Hexadecimal is the fancy word for base 16. 16 is more than 10 so where we previously had fewer digits to use, now we add 6 more digits. It is telling of computer scientists’ creativity that these new digits are A, B, C, D, E, and F. Counting in hexadecimal looks like this:

0, 1, 2, 3, 4, 5, 6, 7, 8, 9, A, B, C, D, E, F, 10, 11, 12, 13, 14, 15, 16, 17, 18, 19, 1A, 1B, 1C, 1D, 1E, 1F, 20, …

By now you might have a headache from trying to read all of these different bases, but hexadecimal has a very nice property. Look at the first 16 hexadecimal digits and their binary equivalents:

The single digit hexadecimal numbers correspond to the four bit numbers! This mathematical trick lets us read and write bytes as pairs of hexadecimal digits.

Binary to Decimal

Being able to read and write numbers in hexadecimal is a handy skill for computer scientists. It is very succinct to read and write but also not hard to see what the corresponding binary information is. Usually when superusers view the raw data stored on a computer, they view it in hexadecimal.

Throughout this chapter I’ve used the mathematical notation of _subscripts to show which base a number is written in. Computer scientists don’t really do this, though. Usually the base of a number is obvious from the context so they don’t write anything. But when they have numbers of different bases mixed together, they add something before the number to indicate the base. For binary, they precede the digits with ‘0b’, for hexadecimal ‘0x’, and for octal (base 8) they precede the digits with a zero. If the digits have no prefix, it is assumed to be decimal. As far as computer scientists are concerned, 2, 8, 10, and 16 are the only bases that matter.

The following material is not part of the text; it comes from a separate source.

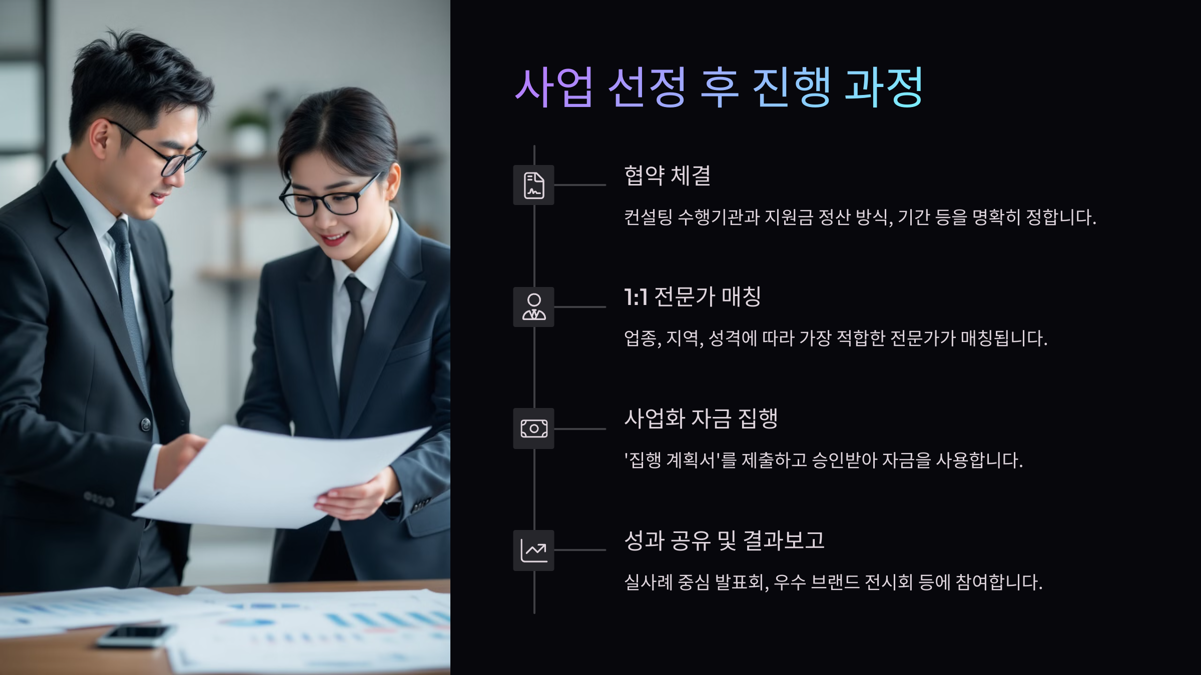 먼저 협약 체결부터 진행돼요. 컨설팅 수행기관과 지원금 정산 방식, 기간 등을 명확히 정하고, 이 과정에서 구체적인 ‘지원 계획서’가 확정돼요. 이때 어떤 영역(마케팅, 리뉴얼 등)에 집중할지를 명시하게 돼요.

0b10111001 = 0271 = 185 = 0xB9

You might want some graph paper for some of these exercises.

Exercises

Count from 0 to 10 in bases 2, 3, 4, 5, and 6. Write out the numbers such that they line up with each other. Notice the patterns that emerge.
Write 2843₉ and 3A02₁₃ in base 10.
8 bits is called a byte so 4 bits is called a “nibble” (there’s that computer scientist humor again). Look back at the chart showing how hexadecimal digits correspond to binary nibbles. Now count from 0 to 15 in binary, writing out all 4 bits of each nibble, just like in the chart. Trust me: do it. Do you notice any patterns? Do you see a trick for easily counting in binary without needing to add 1 and keep track of carrying?
Write out a random sequence of 16 ones and zeroes. Now convert your 16-bit binary number to hexadecimal by breaking it into 4-bit groups. Repeat this a few times until you start feeling comfortable with the process.
At the last minute I mentioned base 8 AKA octal. And earlier I showed you a trick for quickly converting from binary to hexadecimal. Since 16 and 8 are both powers of 2, can you find a similar trick for quickly converting from binary to octal? Do you see how this trick could apply to other pairs of bases?